Published on January 27, 2013 at 11:00 PM | by Philippe Baghdassarian


Why Sonic Failed and Mario Won

Before I begin I want to say that I’m a bit of a Sega fanboy. I’ve owned every single console Sega has ever made except the Sega Master System since I was too young at the time it came out.

The fact that Mario won and Sonic failed is unfortunately not debatable, the numbers speaks for themselves. The big question is why? So, let’s look at a few points.

When fast paced is too fast paced


As a kid I loved the fast paced gameplay Sonic gave me. When I visited friends and played Mario it just looked so boring, I wanted to run like a crazy mofo and finish the whole stage within a minute. For someone that grew up with it I guess that’s fine. But what about people who grew up playing Mario? I’ve had many friends look at me playing Sonic 2 and tell me “it was just too fast paced and they didn’t understand what was happening”. Mario, on the other hand, is more casual and everyone can play it, young or old. Accessibility is an important part of a video game and Sonic might be out of reach for people who are used to the Nintendo gameplay style.

Staying True to their brand


Sega always tried to “update” Sonic by making him hipper and cooler. After all, that was their market, Sonic has always been cooler than Mario but why change a winning formula? In my opinion, that was a really bad marketing call and one of the main reasons for Sonic games performing poorly in the last few years.

Sega retiring from Console manufacturing Market


After the Saturn Sega had a hard time to keep up with the Market. It’s no secret that the Sega Saturn was not a hit outside of Japan. The console was quickly over-powered by the Playstation which sold 100,000 consoles in its first week, whereas the Saturn only sold 80,000 consoles in its first three months.

After the Saturn, Sega attempted to leap forward with the Dreamcast but the popularity of the Nintendo 64 already had the console struggling at launch. The Playstation 2 later completely killed the Dreamcast and Sega unfortunately had to retire from the console market.

Why does that matter to Sonic? Sega obviously lost a lot of money on the Dreamcast and Saturn and were unable to produce high quality Sonic titles for quite a while.

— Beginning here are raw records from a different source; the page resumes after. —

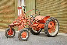 The Model G is a small implement carrier tractor that was made by the Allis-Chalmers Manufacturing Company. At the time of its introduction the Model G was unique for its rear-mounted, Continental N62 engine.[1] It was a four-cylinder engine with a 2⅜ × 3½ inch bore and stroke.[2] The Model G was designed for small farms and vegetable gardeners, and a line of implements specifically designed for it, including ploughs, planters, and cultivators. The design of the Model G allowed for a great view of the belly-mounted implements.
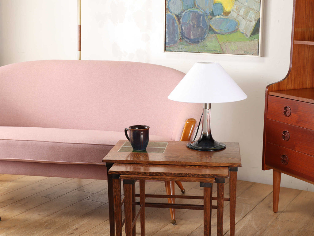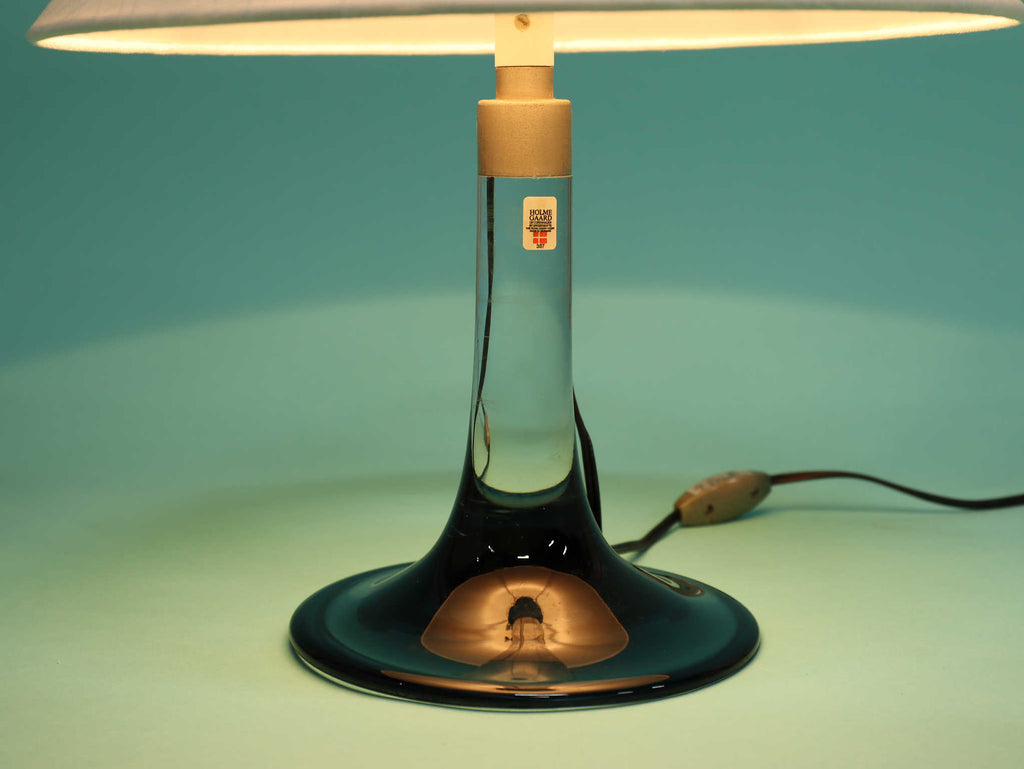 美しい色と曲線のテーブルランプはHOLMEGAARD(ホルムガード)デザインの物。デンマークで1825年に創業した、伝統と歴史あるデンマーク王室御用達のガラスブランド。小さな工房からスタートし、1900年代から高度な技術を持つ吹きガラス職人やアーティストとの協働で、数々の作品を生み出していきました。美しいガラスと灯りを生活に取り入れてみてはいかがでしょうか。
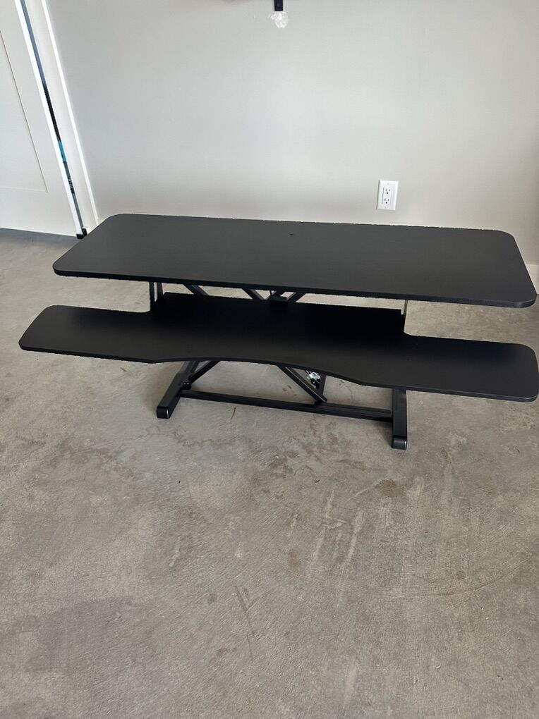 Spacious 48” Surface: The large top surface measures 47.6” x 15.7”, providing plenty of room for dual monitor and laptop setups. The 47.6” x 11.8” (10.2” in center) keyboard tray raises in sync with the top surface to create a comfortable workstation
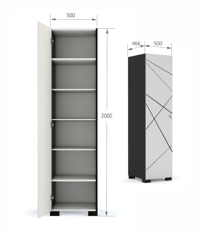 Grawerowany, malowany front z liniowymi aplikacjami. Korpus z laminowanej płyty w kolorze antracytu.
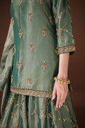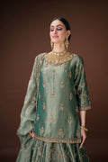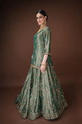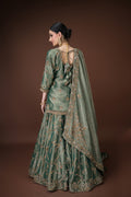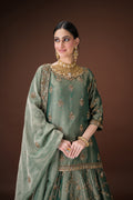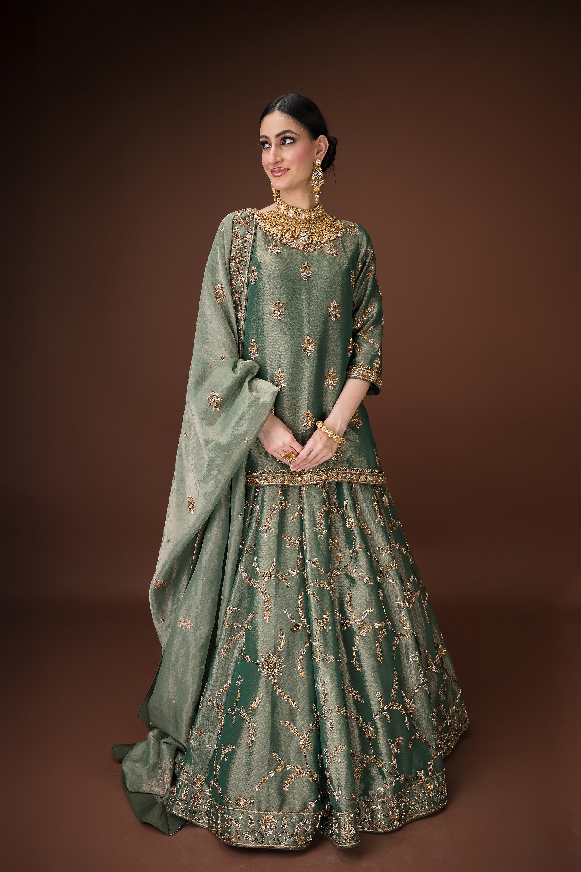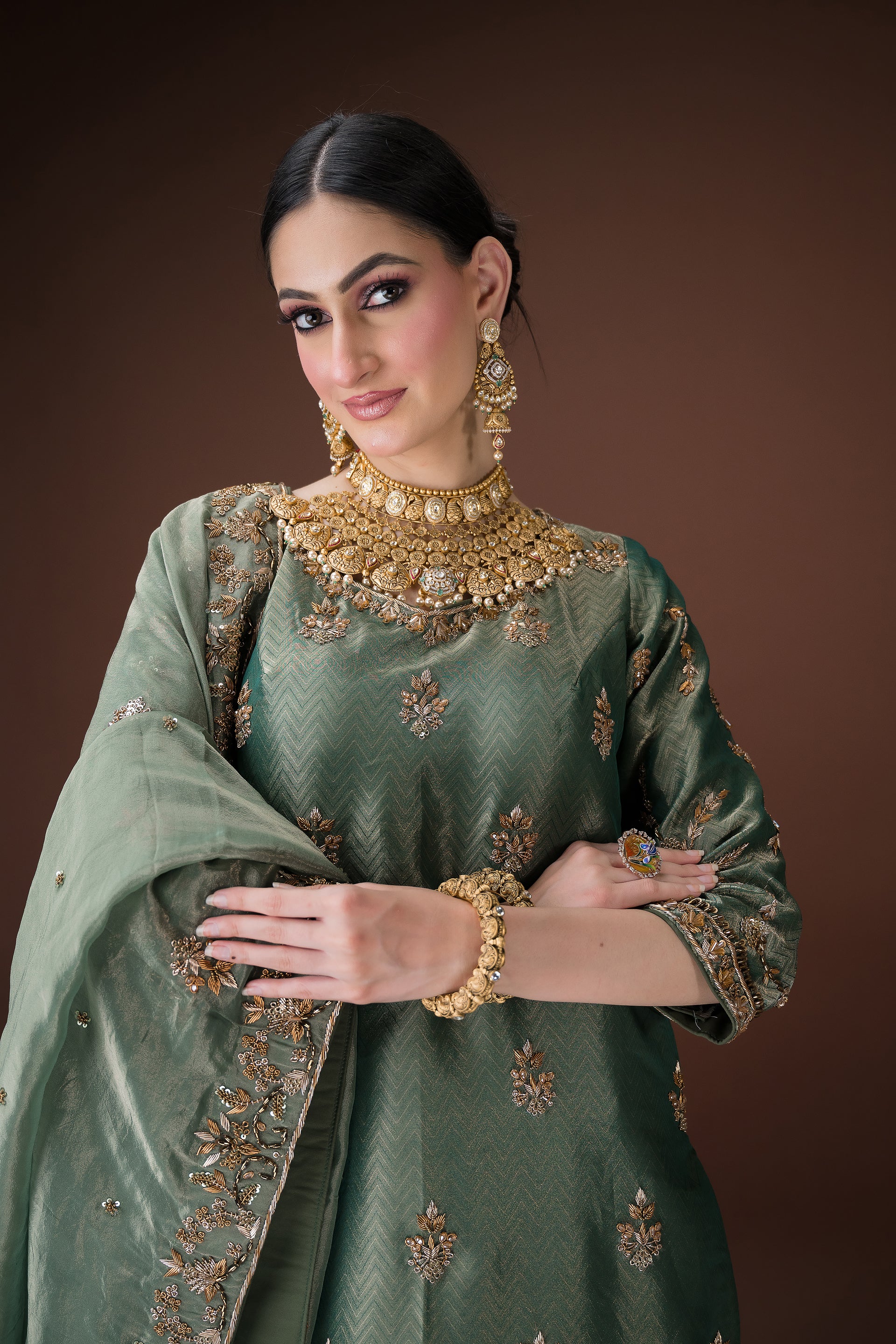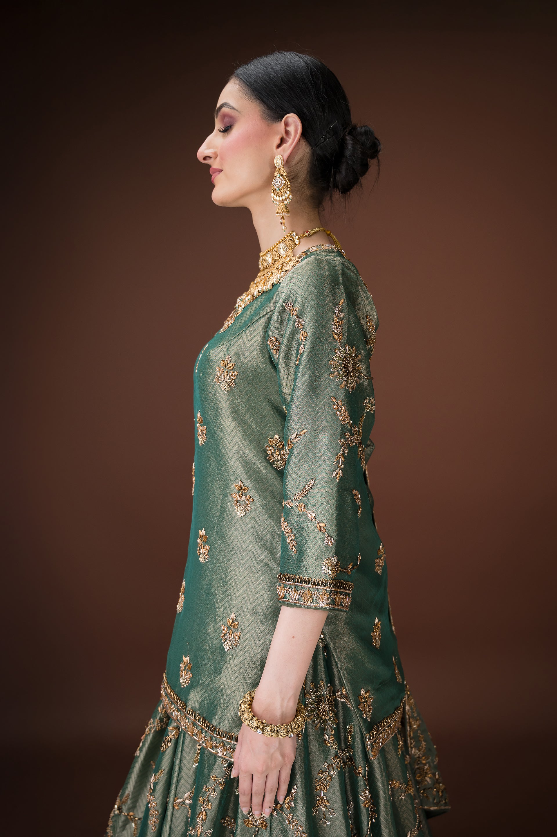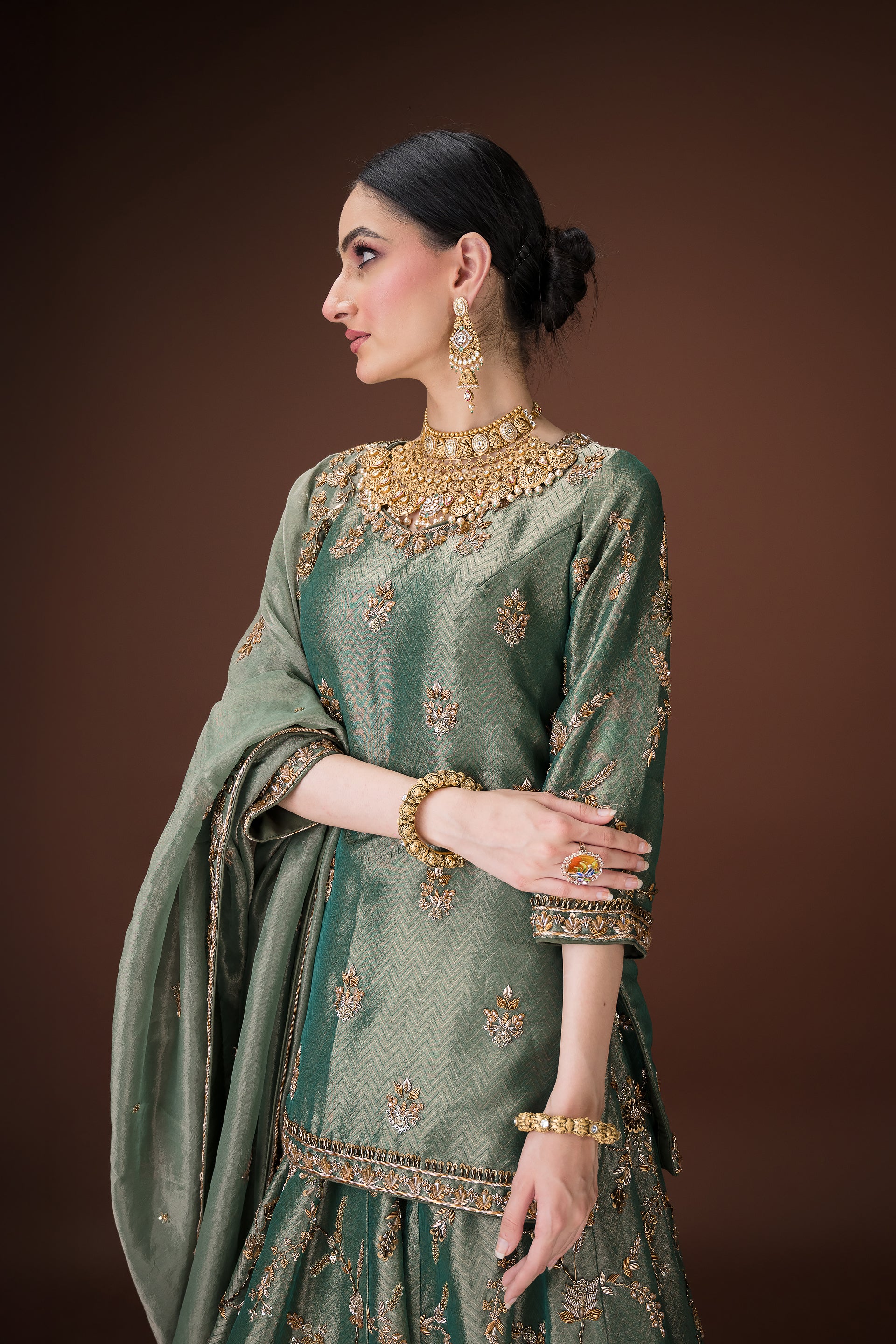 This exquisite ensemble features a long, elegantly tailored shirt paired with a flowing lehenga, both crafted from kanjiwaram fabric. The piece is intricately adorned with antique dabka embroidery, a traditional technique that adds a timeless, opulent touch. The delicate yet detailed work of the dabka is highlighted across the fabric, creating a stunning contrast with the soft, muted green base. The ensemble is further enhanced by a matching dupatta that drapes gracefully over the shoulders, adding depth and sophistication. The overall design exudes a sense of royalty, perfect for weddings, festive events, or special occasions, offering a blend of traditional craftsmanship with modern elegance

Some recomforting thoughts

Sonic has been performing better recently, Sonic Colors and Generations both received good scores from critics and players alike. So, as they say, the battle might have been won, but the war is not over.

Tags: sonic, mario, sega

About the Author

Phil is the Founder of and loves MMOs and RPGs, his favorite series is The Elder Scrolls.

  • Wixely Holmes

    I think your article is very naive.

    The reason “sonic failed” is because Sega lost developers willing to make games for their platforms.
    Developers stopped trusting them, and eventually so did the consumers.
    Sega released tons of peripherals for the Genesis and developers couldn’t keep up with all the technology. When they noticed how “short term” the platforms were (see 32X and the Sega CD), they just flat out couldn’t risk dedicating years to it because the platform would become obsolete so quickly. The Dreamcast was the last straw, it was so soon after the abandonment of the Saturn that developers just stopped signing agreements. The blow was too big for Sega to recover.

    Sega went… too fast.

    Since that debacle, they have never ever been the same. At that stage we can safely say Sega died. The quality of the sonic games have gone so low they have slim chance of recovering without taking some insane risk that could run themselves into the ground. We may never see a good sonic again.